**Work instructions**
Before repeating the entries below, strip out every picture and keep all else as it is.

--- START ---

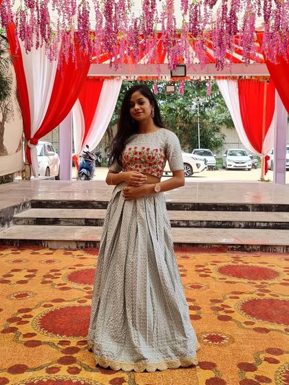 I design custom lehengas, half-sarees, and Indo-Western sets for weddings, festivals, and parties. From traditional Kalamkari silks to modern crop tops with dhoti pants, I can create a unique outfit that fits your style.
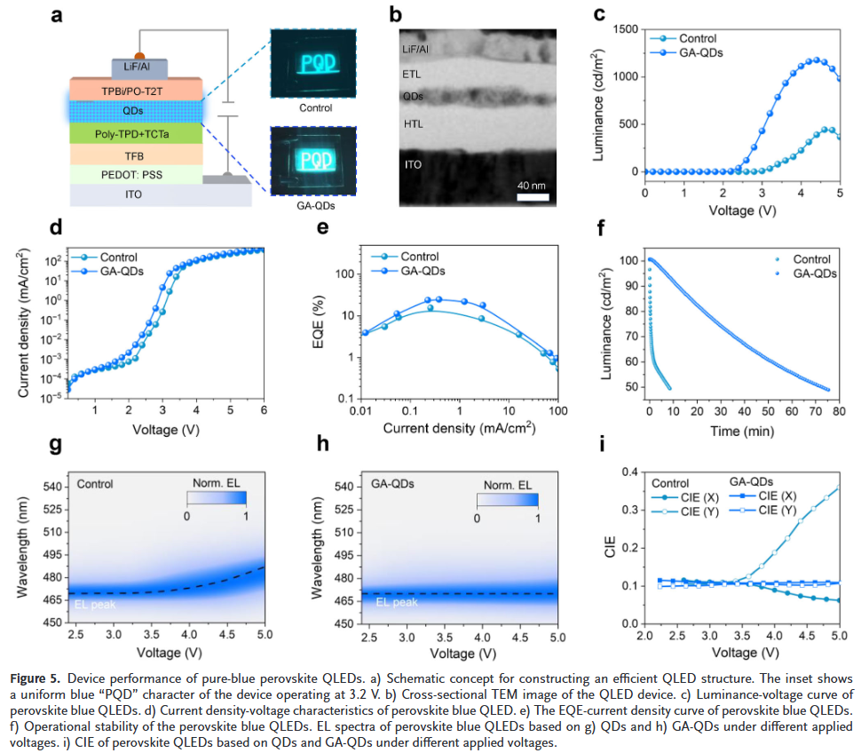 - 纯蓝光QLED性能创纪录:在470 nm波长下实现24.9%的EQE和1176 cd/m²的亮度,光谱稳定性显著提升,电压驱动下无光谱偏移,器件寿命提升9.6倍。
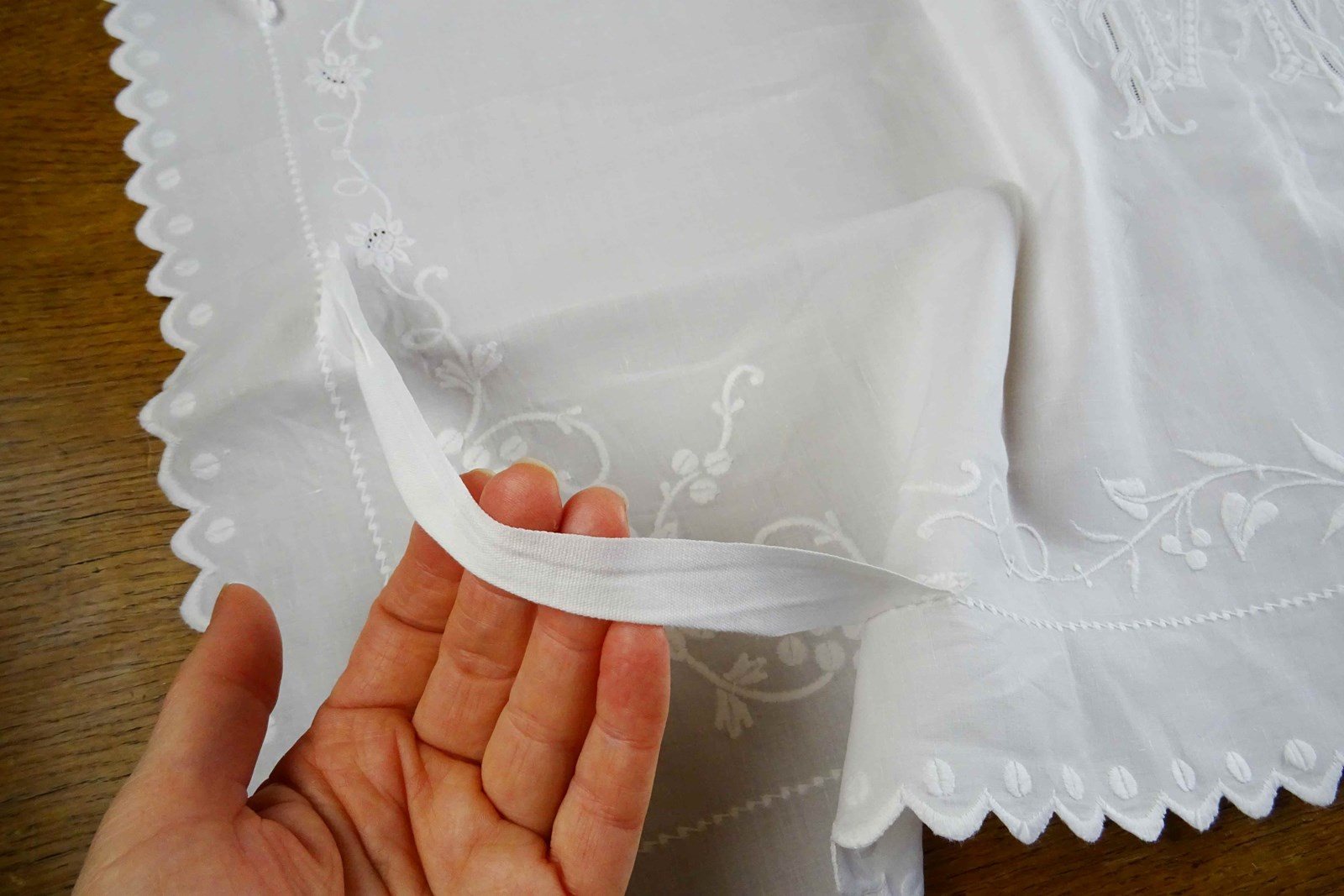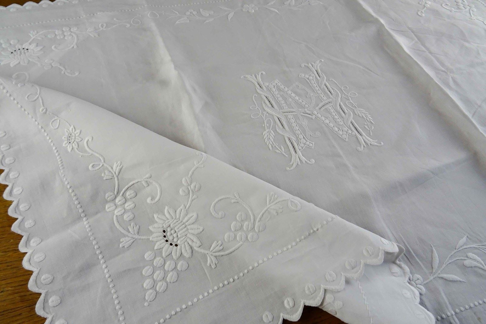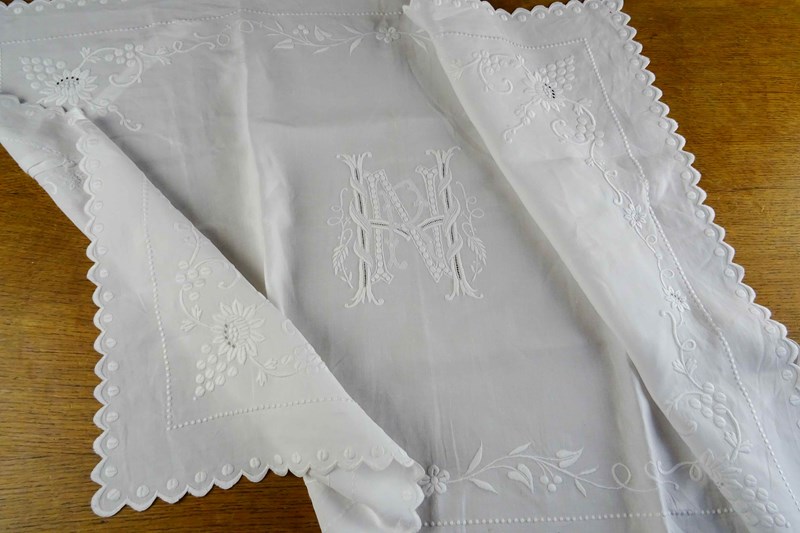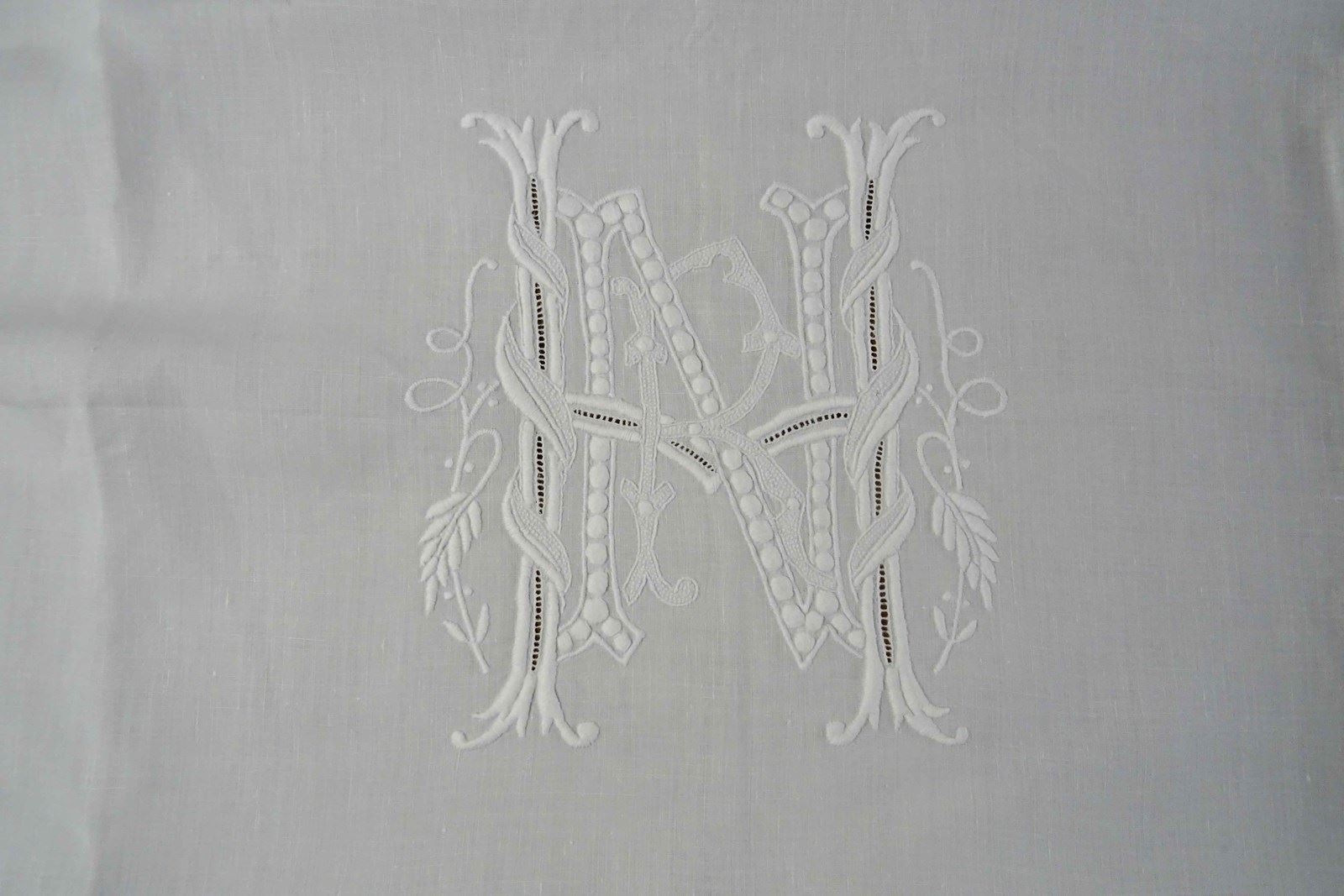 It is a fine white linen hand embroidered pillowcase cover/front piece. I've never seen anything like it before but it was obviously designed to pop over a pillow as a showstopping decoration. I will just let the photos speak for me - all that hand worked decoration is fabulous.
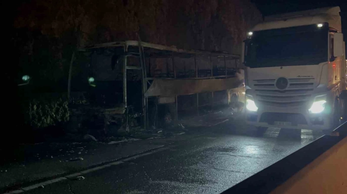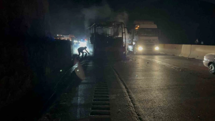 Görüntülerde, otobüsün hızla alev aldığı ve yolcuların panik halinde kaçıştıkları anlar net bir şekilde görülüyor. Yangında can kaybı ya da yaralanma yaşanmadığı öğrenildi. Jandarma soruşturması devam ediyor.
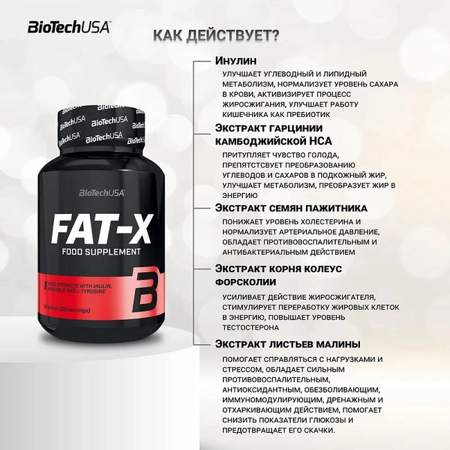 FAT-X — отличный выбор для тех, кто стремится снижать вес без возбуждения, стресса или бессонницы. Его формула работает мягко: помогает в контроле желаний, поддерживает энергию и ускоряет липидный обмен.
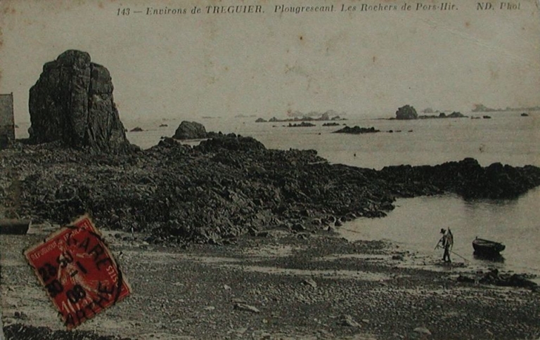 Vue de Pors Hir, début 20e siècle : deux petites cales enrochées permettaient le débarquement, début 20e siècle (carte postale collection particulière)Immatriculation
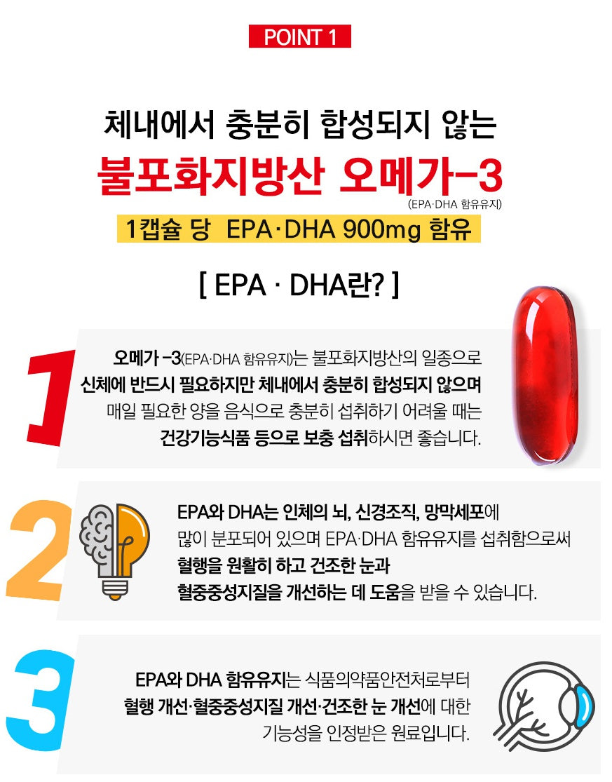 Oils and oils containing EPA and DHA are raw materials that have been recognized by the Ministry of Food and Drug Safety for their functions for improving blood circulation, improving blood triglycerides, and improving dry eyes.
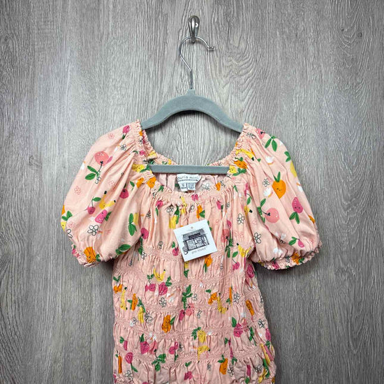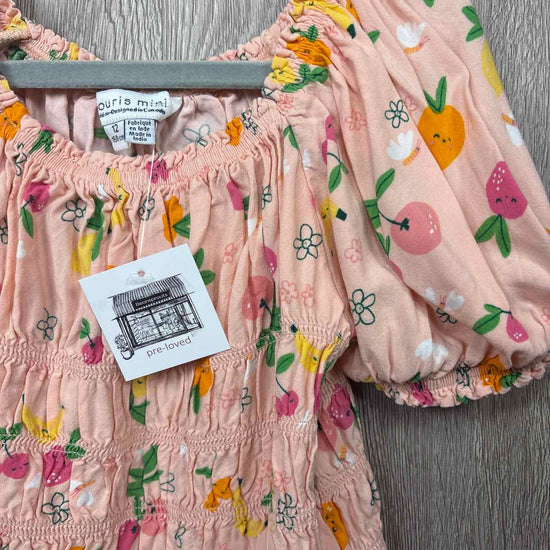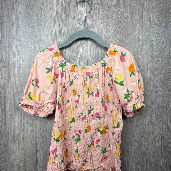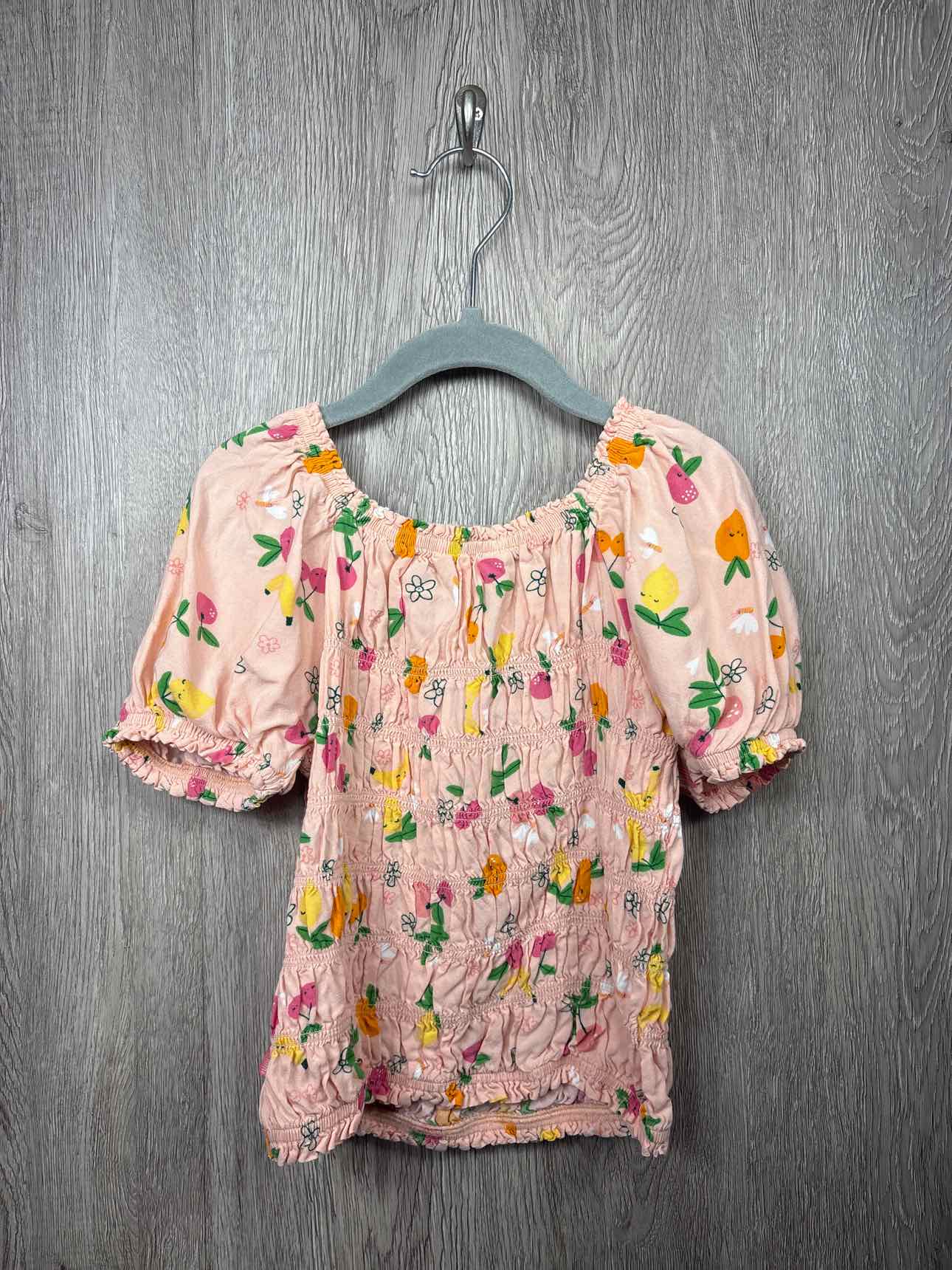 peach short sleeve elastic blouse with multi color fruit print, elastic neckline and cuffs, viscose #prelovedfebruary2026

--- END ---

**Response below**
 I design custom lehengas, half-sarees, and Indo-Western sets for weddings, festivals, and parties. From traditional Kalamkari silks to modern crop tops with dhoti pants, I can create a unique outfit that fits your style.
 - 纯蓝光QLED性能创纪录:在470 nm波长下实现24.9%的EQE和1176 cd/m²的亮度,光谱稳定性显著提升,电压驱动下无光谱偏移,器件寿命提升9.6倍。
 It is a fine white linen hand embroidered pillowcase cover/front piece. I've never seen anything like it before but it was obviously designed to pop over a pillow as a showstopping decoration. I will just let the photos speak for me - all that hand worked decoration is fabulous.
 Görüntülerde, otobüsün hızla alev aldığı ve yolcuların panik halinde kaçıştıkları anlar net bir şekilde görülüyor. Yangında can kaybı ya da yaralanma yaşanmadığı öğrenildi. Jandarma soruşturması devam ediyor.
 FAT-X — отличный выбор для тех, кто стремится снижать вес без возбуждения, стресса или бессонницы. Его формула работает мягко: помогает в контроле желаний, поддерживает энергию и ускоряет липидный обмен.
 Vue de Pors Hir, début 20e siècle : deux petites cales enrochées permettaient le débarquement, début 20e siècle (carte postale collection particulière)Immatriculation
 Oils and oils containing EPA and DHA are raw materials that have been recognized by the Ministry of Food and Drug Safety for their functions for improving blood circulation, improving blood triglycerides, and improving dry eyes.
 peach short sleeve elastic blouse with multi color fruit print, elastic neckline and cuffs, viscose #prelovedfebruary2026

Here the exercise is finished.